COURT FILE NO.: 16-SA19432
DATE: 2020/02/06
ONTARIO
SUPERIOR COURT OF JUSTICE
BETWEEN:
HER MAJESTY THE QUEEN
– and –
ZIAD G. AZZI
Defendant
L. Tansey, for the Crown
D. Baum, for the Defendant
HEARD: February 6, 2020
RULING ON APPLICATION FOR MISTRIAL
PHILLIPS J.
[1] Ziad Azzi was charged with sexual assault on an information sworn December 2, 2016. He elected to be tried by judge and jury on December 19, 2018. A trial was held commencing December 9, 2019 and Mr. Azzi was found guilty by the jury on December 19, 2019. A sentencing hearing is set for March 5, 2020.
[2] The jury selection proceeded by way of the new procedures which came into force on September 19, 2019. Accordingly, no peremptory challenges were made available to either party.

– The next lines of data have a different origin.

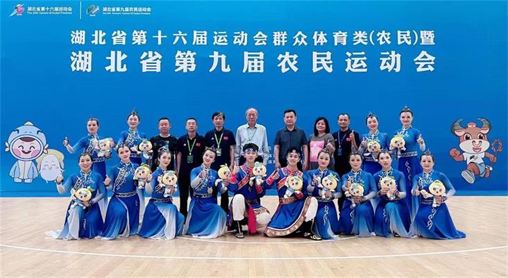 熱烈祝賀謝芳同志(照片中第一排從左到右第三位)在湖北省第十六屆運動會群眾類(農(nóng)民)健身操團體比賽中獲得一枚金牌,四枚銀牌,團體總分第一的優(yōu)異成績。
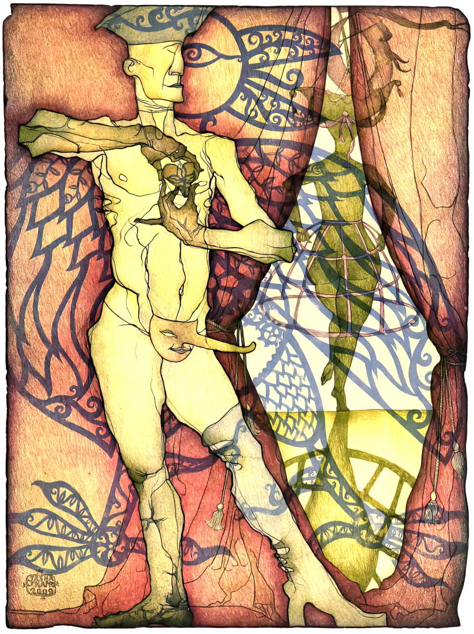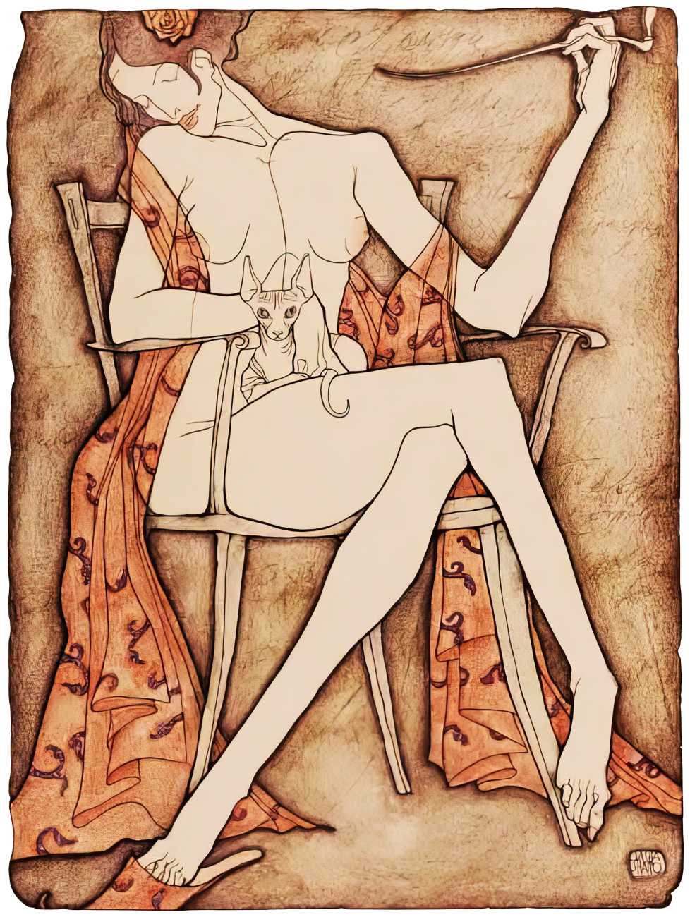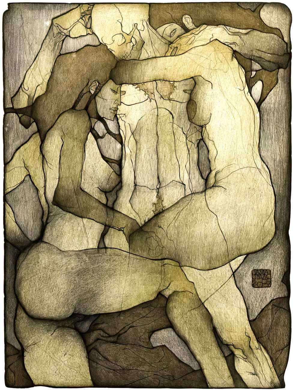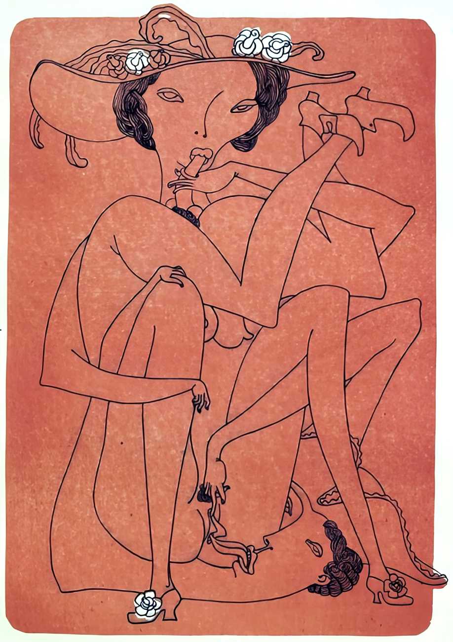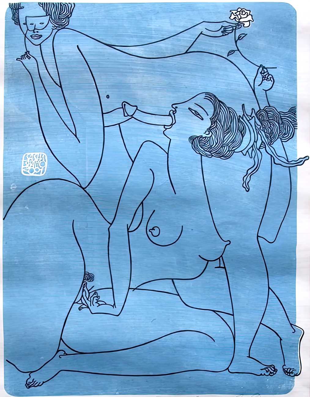 In 2006 Alexander Shappo held a personal exhibition titled Ecce Femina at the Museum of Modern Fine Art in Minsk, Belarus, which gives us the title for this portfolio. Consisting almost entirely of colour lithographs, he is clearly engrossed in the exploration of the naked human form, and often in explicitly sexual engagement.
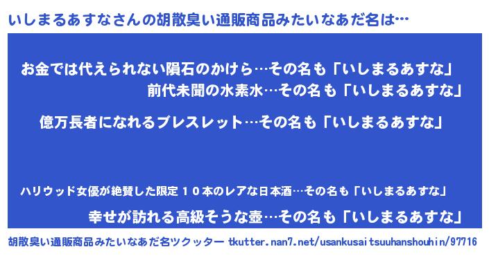 | ヘコむあだ名 | 『いしにー』『なまこ酢』『いしお』 |
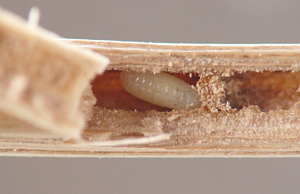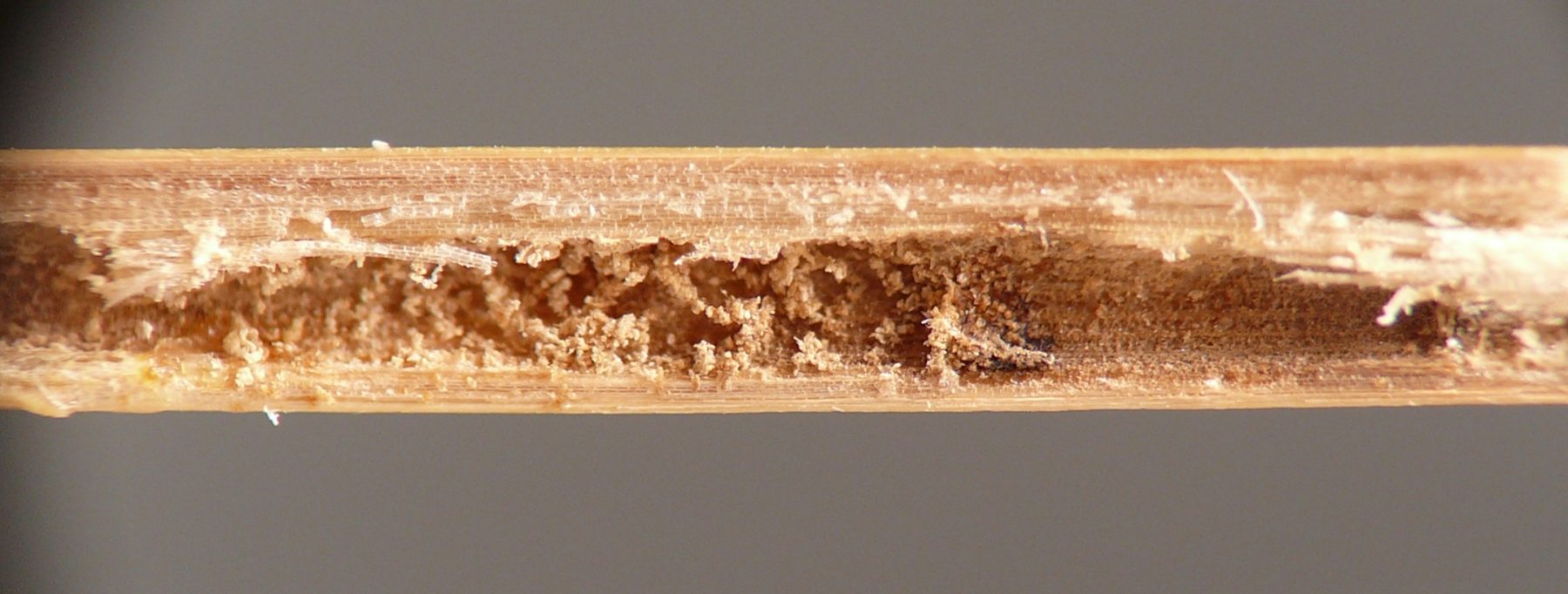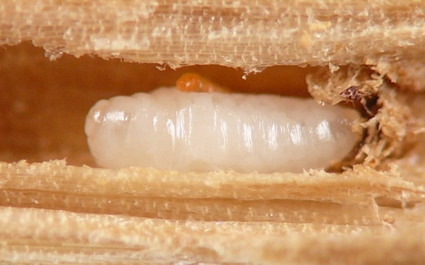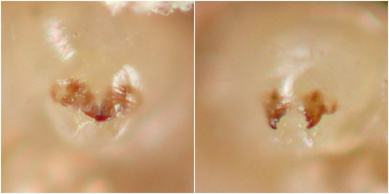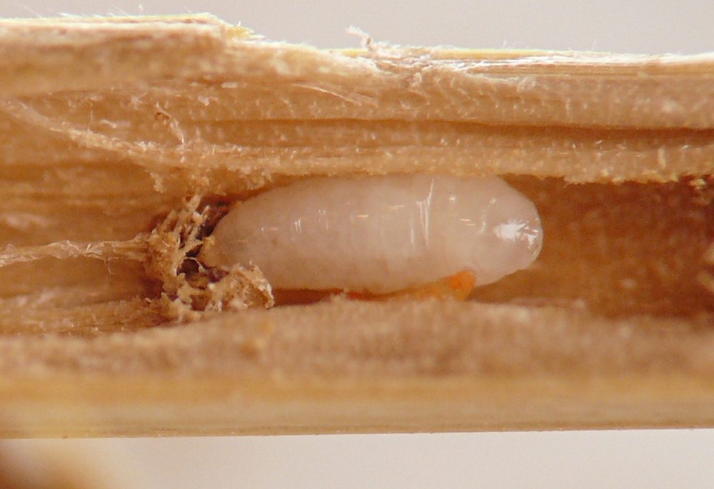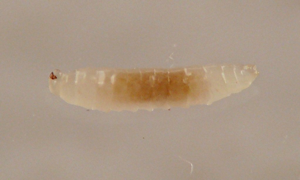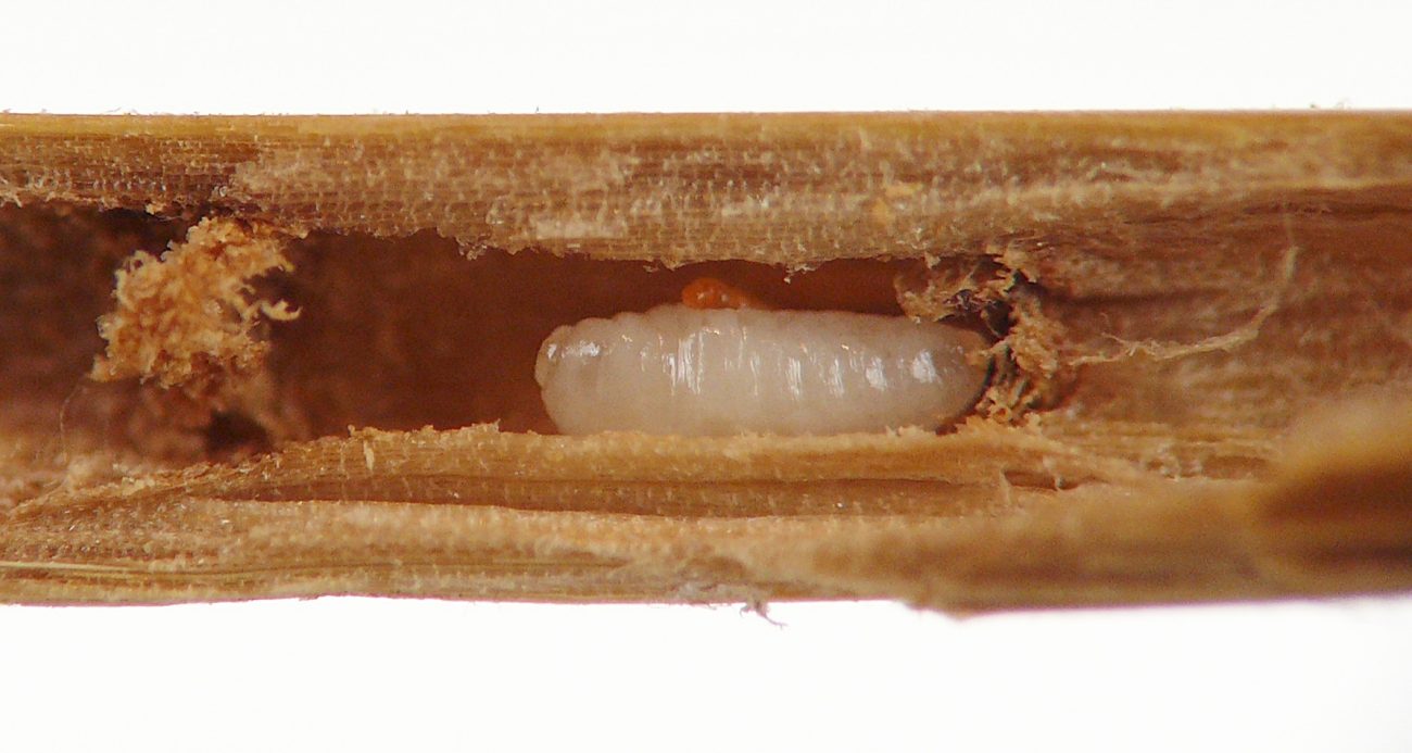 I located several larvae (tentatively identified as Eurytomidae based on habitat and close resemblance to confirmed eurytomids from stems of other hosts examined in the survey) in culms of orchard grass in late September. At least three of them were squat and rotund with a small, round, poorly differentiated head and paired, sharp, needle-like mandibles. These larvae dwelled in short chambers partly separated from the rest of the culm interior by partitions apparently composed of frass. A fourth larva was more slender and narrow and I found it in a portion of culm roughly 10-20 mm in length that contained coarse grains of dry frass.

[3] I will add that the new method was used without objection. It was the consensus of the parties that peremptory challenges were no longer available. No constitutional or other challenge was brought in respect of the applicability of the new jury selection procedure. I was not asked to allow peremptory challenges and I, therefore, did not do so.
[4] The Court of Appeal for Ontario released R. v. Chouhan, 2020 ONCA 40, on January 23, 2020. That decision dictates that the new jury selection method, while constitutional, is substantive in nature and ought only apply prospectively. This is a problem because Mr. Azzi’s right to a jury trial vested December 19, 2018.
[5] Mr. Azzi applies for a mistrial. He argues that his jury was selected through an inapplicable procedure such that they were not properly constituted. As such, the jury had no jurisdiction to try the case and their verdict is a nullity. Given that there is no way to remedy that result a mistrial is warranted.
[6] The Crown argues that I am functus and in no position to declare a mistrial. It says that I am mandated to sentence Mr. Azzi and leave any remedy arising from the jury selection issue for the Court of Appeal. It may well be, points out the Crown, that the R. v. Chouhan decision is itself appealed or that the Court of Appeal applies the curative proviso to this case.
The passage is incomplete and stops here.